GraceKelly is being rebuilt as a small and explicit orchestration core. The foundation must stay understandable under failure.

Implemented:

  • full API surface: orchestration, task inspection, health, readiness, model catalog, metrics
  • auxiliary HTTP surfaces: analytics, detailed health, task export, task retry, and file-upload orchestration
  • SSE streaming for single-model execution via /api/v1/orchestrate/stream
  • canonical model registry with alias normalization
  • typed task/step/event contracts with multi-model execution planning
  • token counting and cost estimation per step (input_tokens, output_tokens, cost_usd)

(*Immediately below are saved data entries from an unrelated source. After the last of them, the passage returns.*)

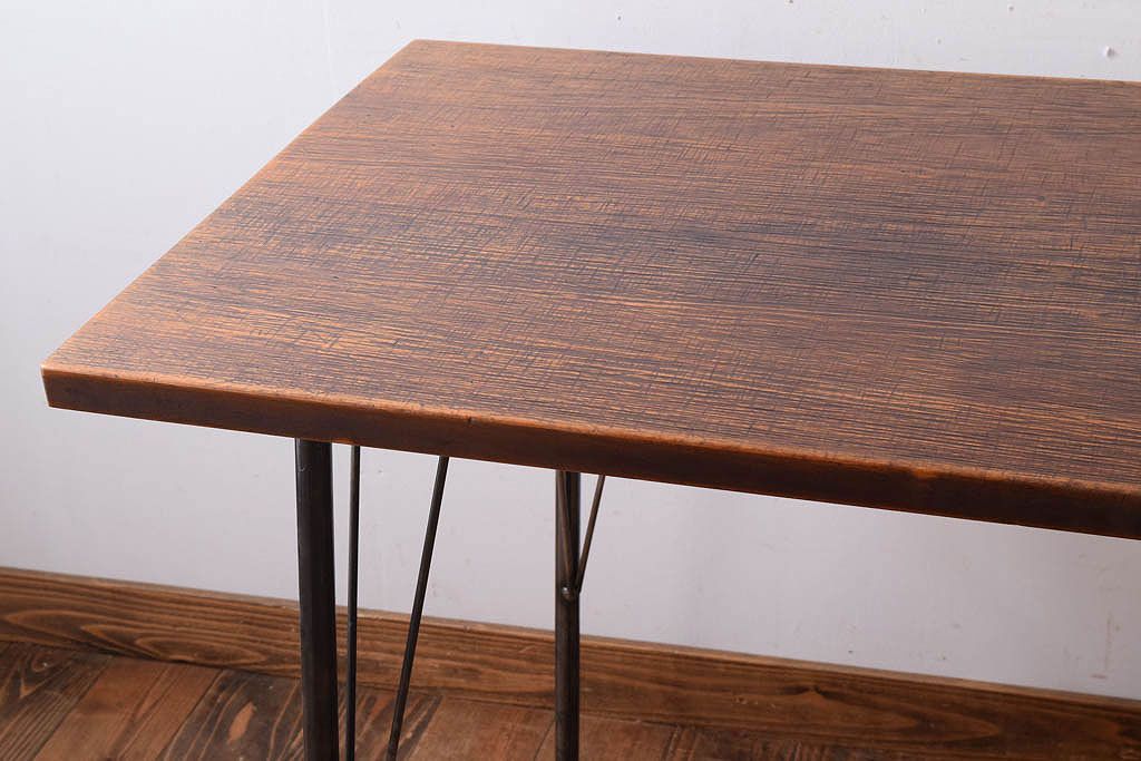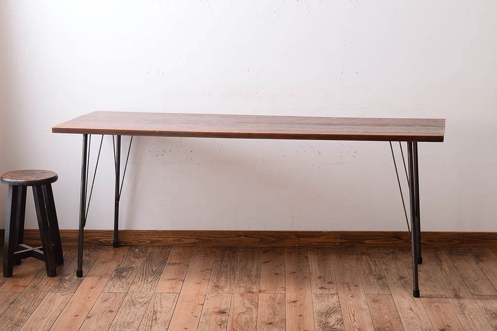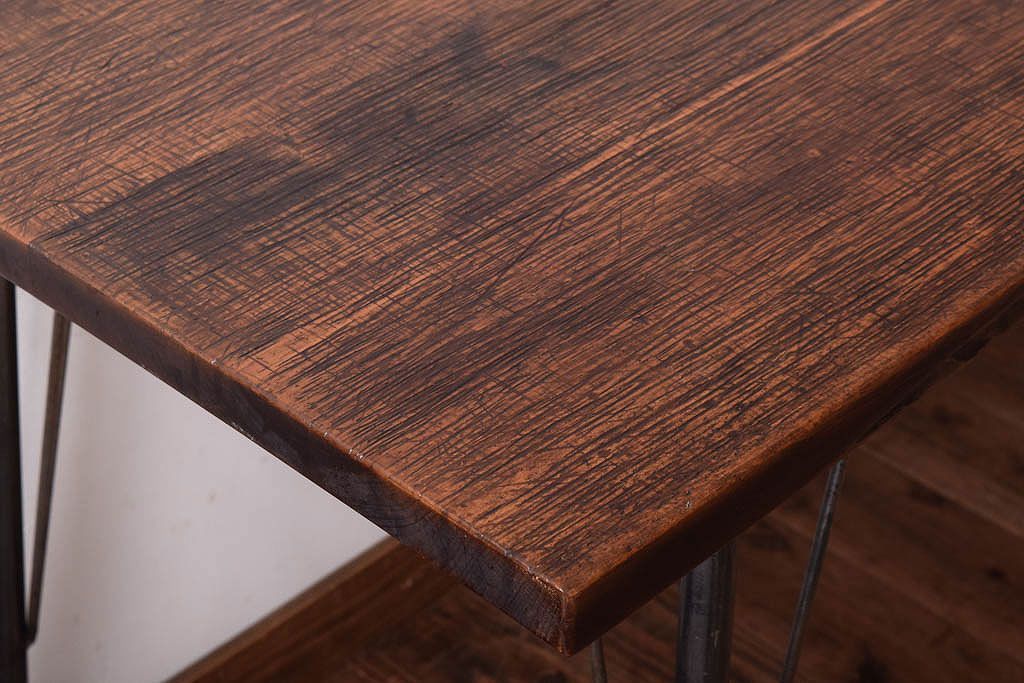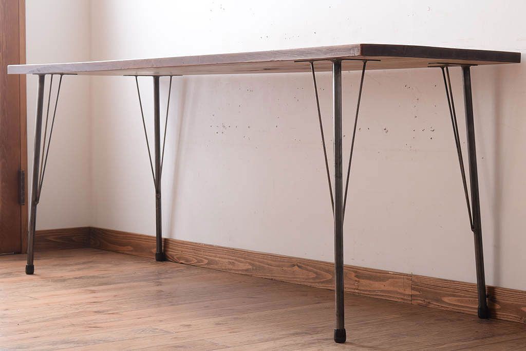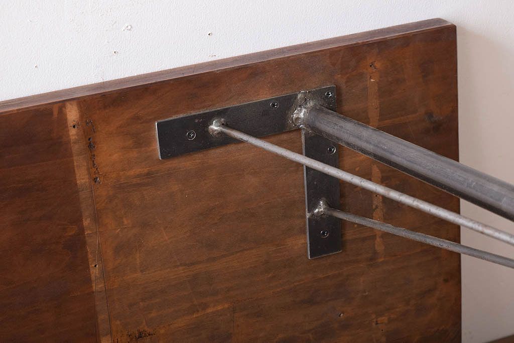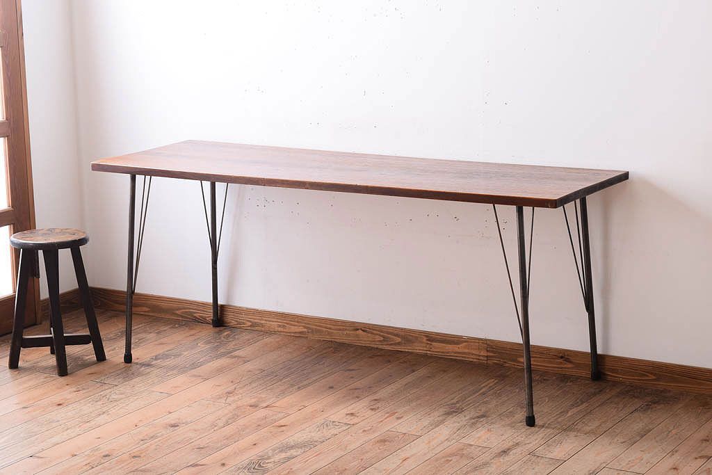 アンティーク家具 古材 大判一枚板!アンティークの鉄脚テーブル(作業台、机)
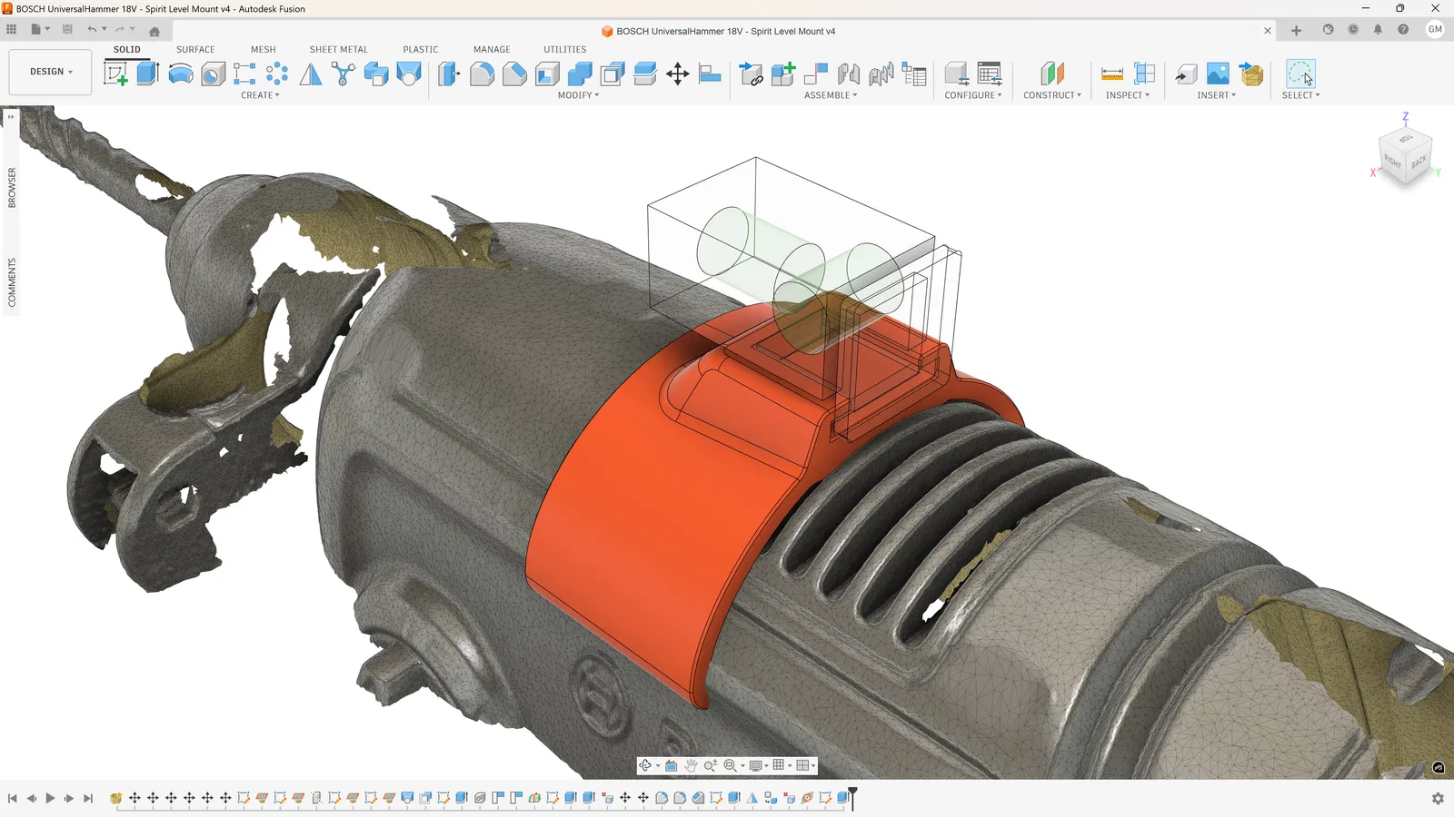 Mình cần một giải pháp để đảm bảo các lỗ khoan khi lắp kệ treo (floating shelf) sẽ vuông góc với bề mặt tường, và một Spirit Level gắn lên dụng cụ có vẻ là lựa chọn hợp lý. Thế là sau khi 3D scan và dựng CAD một chút, mình làm ra được cái Mounting Clip để gắn một cái.
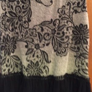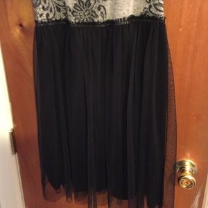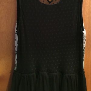 Purchased from Anthropologie, top of dress is wool sweater material while the back is a shear material with polka dots, skirt is tulle with solid black lining underneath, falls above the knee, worn once for New Years, beautiful dress but I never wear it!
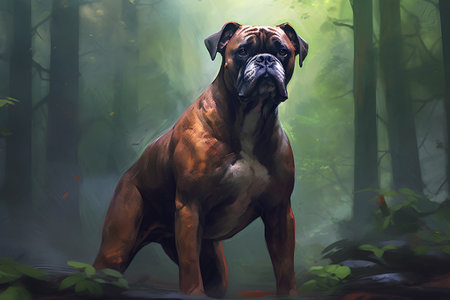 Dogue de Bordeaux dog in the forest. Digital painting.
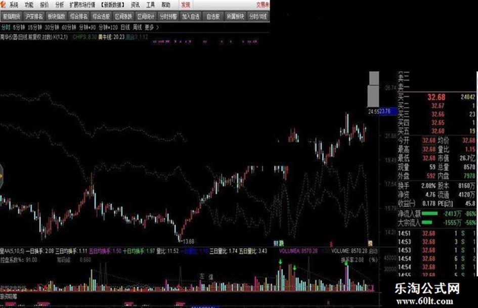 离合、黄牛线下穿K线,结合K线形态,成交量判定牛股。上穿K线立即卖出。

  • model pricing registry for cost estimation
  • bounded browser-submit budgeting for per-task and per-hour quotas
  • account-pool primitives and manager for provider cooldown and selection
  • session-aware prompt shaping with configurable context-window limits
  • dual-backend storage: in-memory (development) and PostgreSQL (durable)
  • PostgreSQL operational tooling: schema validation plus JSON export/import snapshots
  • execution adapters: dry-run, OpenAI-compatible API, Anthropic API, Perplexity browser (scripted and thin Playwright backends)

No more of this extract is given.